Nevil Shute, author of many fine stories, including "On the Beach," would have been proud of this production so faithful to his epic story, and populated with Shute's own characters right down to the smallest detail. Every aspect of movie making shines here: a perfect and incredibly talented cast, fine direction, beautiful photography, splendid music. The dialog is exactly on the mark, and many a time an expression, a look, said everything without a word spoken.

The story begins as the Japanese are overrunning Maylasia early in WWII. A British community is taken, the men sent to prison camps, the women sent to . . . They didn't have a place for women prisoners, so Jean Paget and the other fifteen or so women and several children are marched from one Japanese-held place to another. It seems that the officers at each one, not knowing what to do with women and children, passed the problem by sending them off to yet another place, afoot. After walking some 300 miles over perhaps a good part of a year, during which half the women and some children died, providence and Jean Paget's resourcefulness lead them to a "home," an isolated village where they spend the remainder of the long war.

The story continues after the war, leading to a truly heartwarming romance. Not to mention some providential intervention that makes the romance work wonderfully. Never does the drama get sticky. There is a nice balance of conflict, but never melodramatic overt conflict.

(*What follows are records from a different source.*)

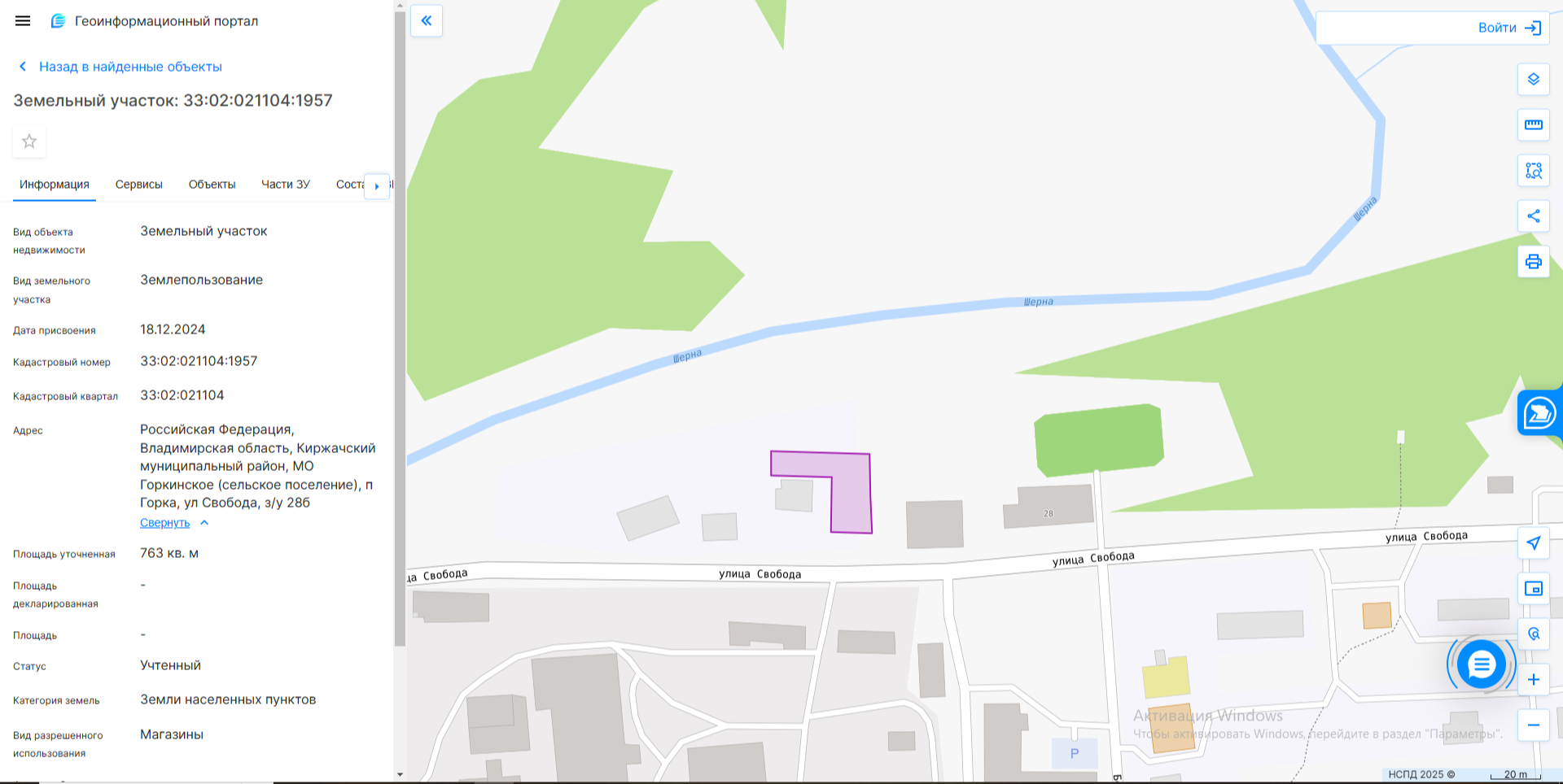 электронный аукцион на право заключения договора аренды земельного участка на срок 10 лет с кадастровым номером 33:02:021104:1957, площадью 763 кв. м, из категории земель населенных пунктов, с разрешенным использованием: магазины, расположенного по адрес
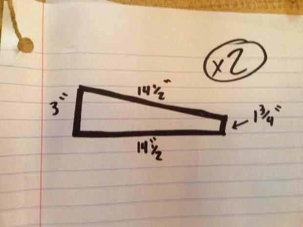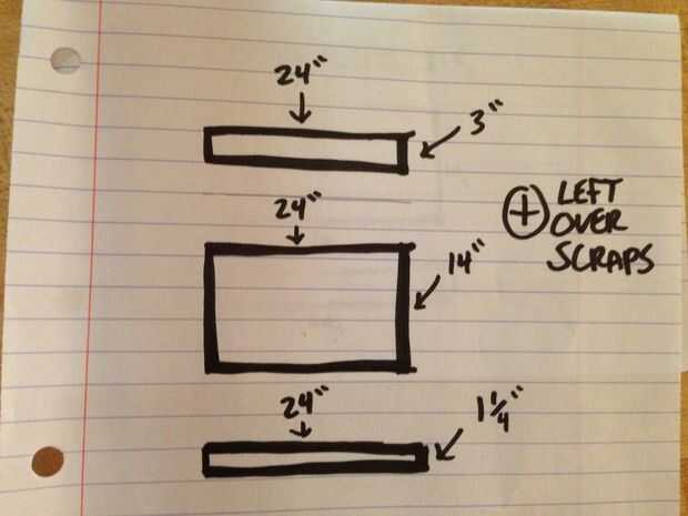 Tendrá restos sobrantes de madera si usted consigue un trozo de tamaño decente, y eso es lo que usted puede tomar casa para hacer las piezas angulares para los lados. Los 2 cuadros a continuación muestra las especificaciones y cortes necesarios para hacer mi tabla, 24 x 14 x 3 hacia abajo inclinada Junta.
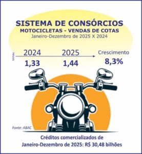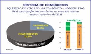 Presente em outros setores como o das duas rodas, o mecanismo também evoluiu. Nos doze meses de 2025, as contemplações possibilitaram a potencial aquisição de uma moto a cada três comercializadas no mercado interno.
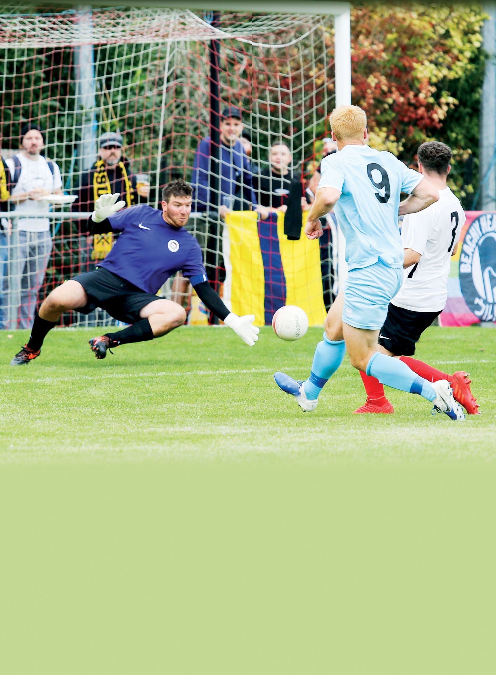Lancers and Lions hit first day sixes By Rory Hayward SMART STOP: Horsham YMCA keeper Aaron Jeal saves from Eastbourne Town’s...
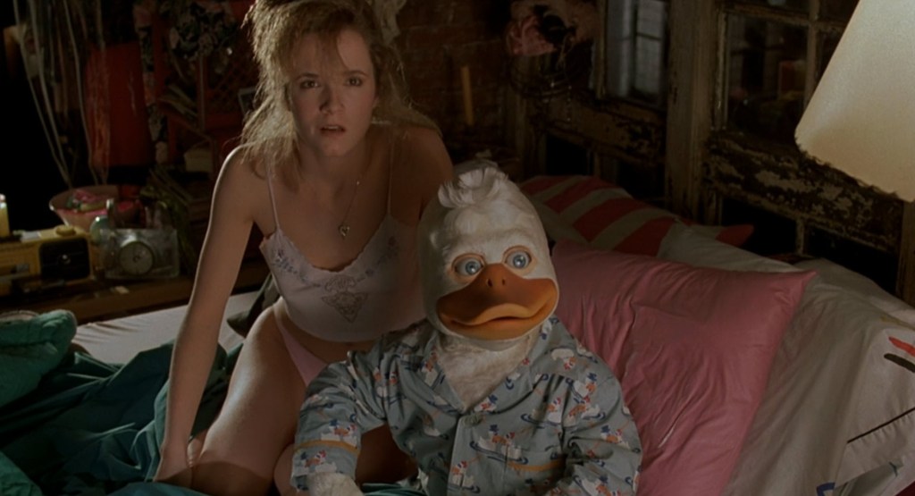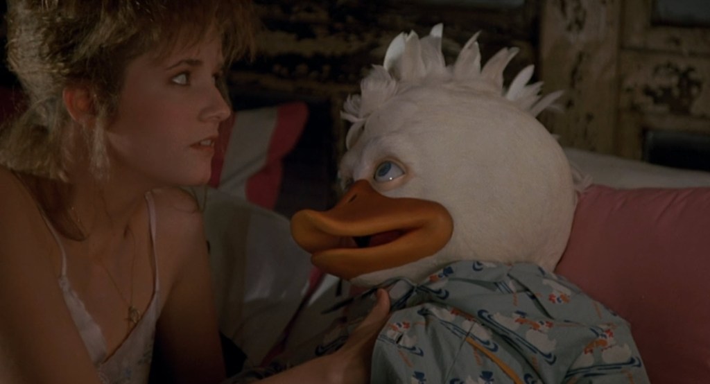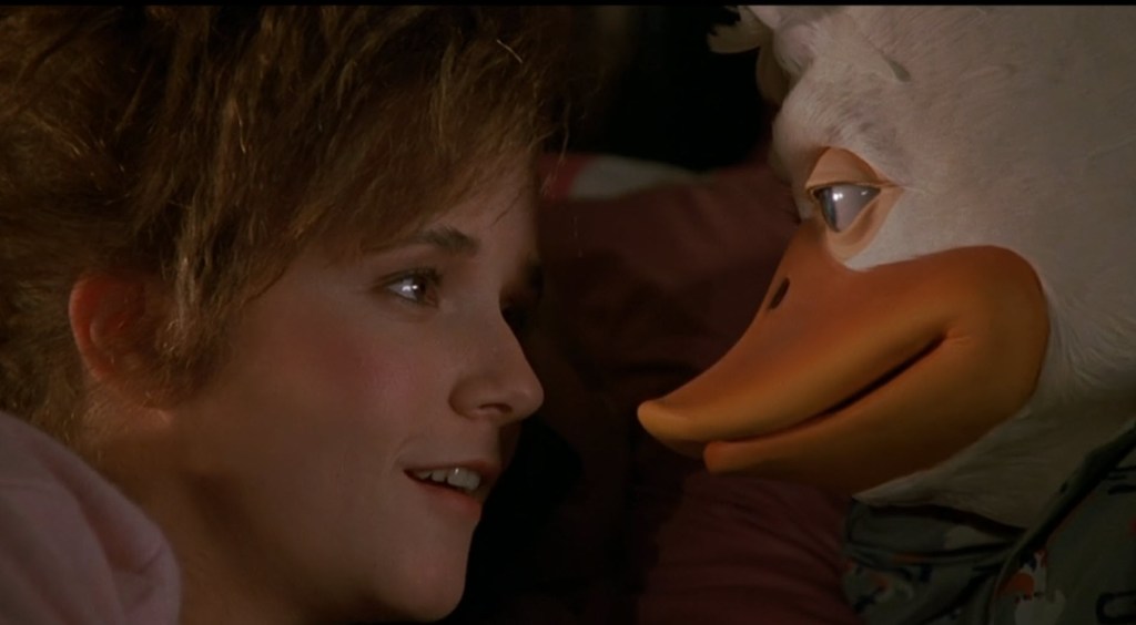 You know… You’re never quite ready for that moment when you’re watching a movie about a space duck that gets laid. Now, I admit… I don’t blame him for suggesting to Lea Thompson that they give it a go in the sex department. I mean… She’s really really pretty. Plus, she invites him to sleep in her bed and watch Letterman together. I’d be up for some cuddling and Letterman. Plus plus, Howard, like me, is only a male-type lifeform. Her sleeping attire is incredibly fetching. I don’t blame him at all for the suggestion.
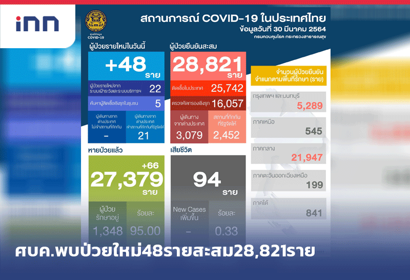 ศบค.พบป่วยใหม่ 48 ราย ติดในประเทศ 27 ราย รวมยอดสะสม 28,821ราย

The Aussies are renowned for the fine horses in their movies, always ridden with evident skill, and they didn't disappoint here. The airplane scenes I particularly enjoyed, for their adherence to the period and the way they were handled. The Twin Beech's first landing was a grease-job, making me wonder how many times they had to shoot it. That was answered by the next landing – not nearly so slick but nevertheless okay in spite of the bounce. We get to see the planes taxi in, where Hollywood would have shown the landing then cut to the opening door.

Joe Harmon's beat-up old pickup – it may have been a Studebaker – made me smile. He always had to open the door with the outside handle, and it drooping at half mast.

Sadly, I have not encountered a soul who has seen "A Town Like Alice," before I introduced them to it. The accolades have created a waiting list and a one-week time limit on borrowers. Buy it, I know you will love it. And you'll bring enjoyment to those you lend it to. A word of caution: put a time limit on borrowers. Call them after a few days and nudge them into starting it. Otherwise, it may find a new home, as books and movies tend to do.

DANGER! This is a three-tape package starring Helen Morse as Jean Padget and Bryan Brown as Joe Harmon. Don't fall for the video of the same title with a different illustration on the jacket. It's a 60-minute production by someone else. May not even be the same story.

I wish ... would do a favor to the masses who enjoy truly good movies by putting this one on their feature page. It cries out for some exposure.